Woods' caddie paid heckler $25 to go away
Tiger Woods is known for his ability to tune out hecklers while in the midst of a competitive round, but every now and then a fan is able to get under his skin - or, at least, his caddie's.
Joe LaCava has been on the bag for Woods since 2011, and on a recent appearance on ESPN's "Golic and Wingo" he shared a story of personally dispatching of an especially persistent heckler after dipping into his wallet earlier this month at the WGC-Bridgestone Invitational.
According to LaCava, the fan was vocal throughout Woods' final round at Firestone Country Club, where he eventually tied for 31st. On the 14th hole, LaCava asked him to go watch another group, and the man agreed - under the condition that LaCava pony up with some cash.

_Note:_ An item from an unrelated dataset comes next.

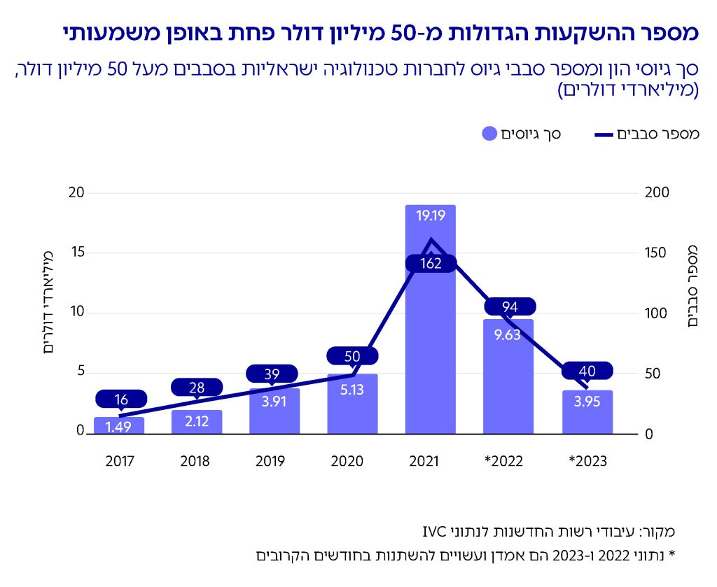 העשור האחרון אופיין בתנודתיות גבוהה בסבבי ההשקעות הגדולים של הסטארטאפים ישראלים. ב-2017, כ-25% מההון שגויס באותה שנה היה בסבבים שכל אחד מהם היה גדול מ-50 מיליון דולר. ארבע שנים מאוחר יותר, ב-2021, שיעור זה עלה ל-70%, ולאחר שנתיים של ירידה הגיע ל-50% ב-2023. ירידה זו מסבירה את עיקר הירידה בהשקעות בחברות טכנולוגיה בישראל בשנה האחרונה.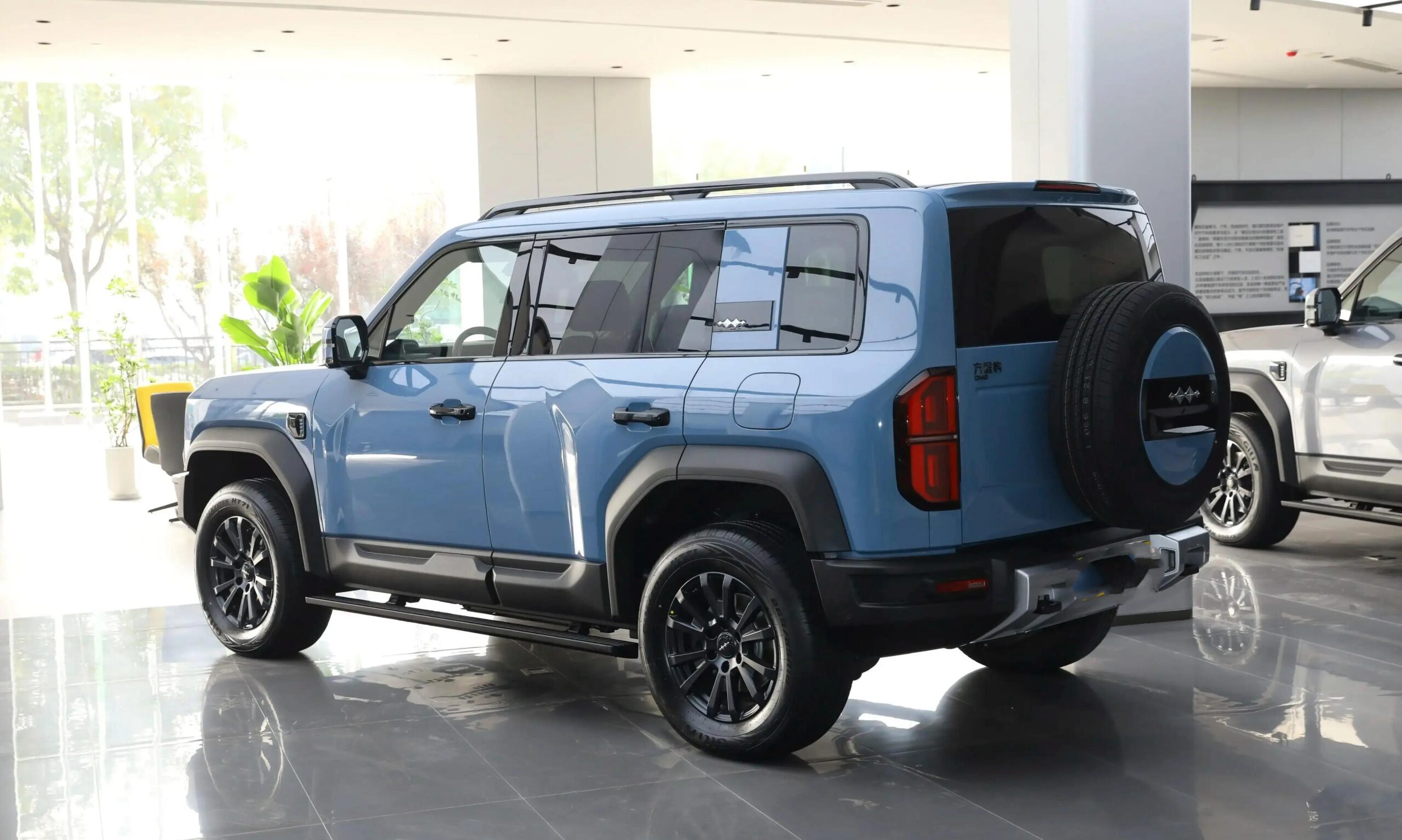 方程豹5采用了“豹力美学”设计理念,车身配备方形外后视镜、传统造型门把手、黑色轮眉和防擦板,同时前后还配备了拖车钩。车身尺寸为4890/1970/1920毫米,轴距为2800毫米。

"So he calls me a couple of names, and I go back and forth with the guy. And I said, 'Why don't you just leave?'" LaCava said. "And he goes, 'Well, if you give me $25 for the ticket that I bought today, I'll leave.' And I said, 'Here you go, here's $25.'"
But the apparent resolution was brief, as the heckler pocketed the cash but remained near the rope line. At that point, the exchange between LaCava and the fan became a bit more heated.
"I said, 'Look, pal, $25 is $25. You've got to head the other way,'" LaCava said. "So he starts to head the other way, goes 20 yards down the line, and he calls me a certain other swear word. So I run 20 yards back the other way. We’re going face-to-face with this guy and all of a sudden Tiger is looking for a yardage and I’m in it with this guy 20 yards down the line.”
Eventually an on-course police officer intervened, and the cash-grabbing fan was ultimately ejected. According to LaCava, Woods remained unaffected by the situation that played out a few yards away from him.
"He didn't have a problem," LaCava said. "And actually, I got a standing ovation for kicking the guy out of there."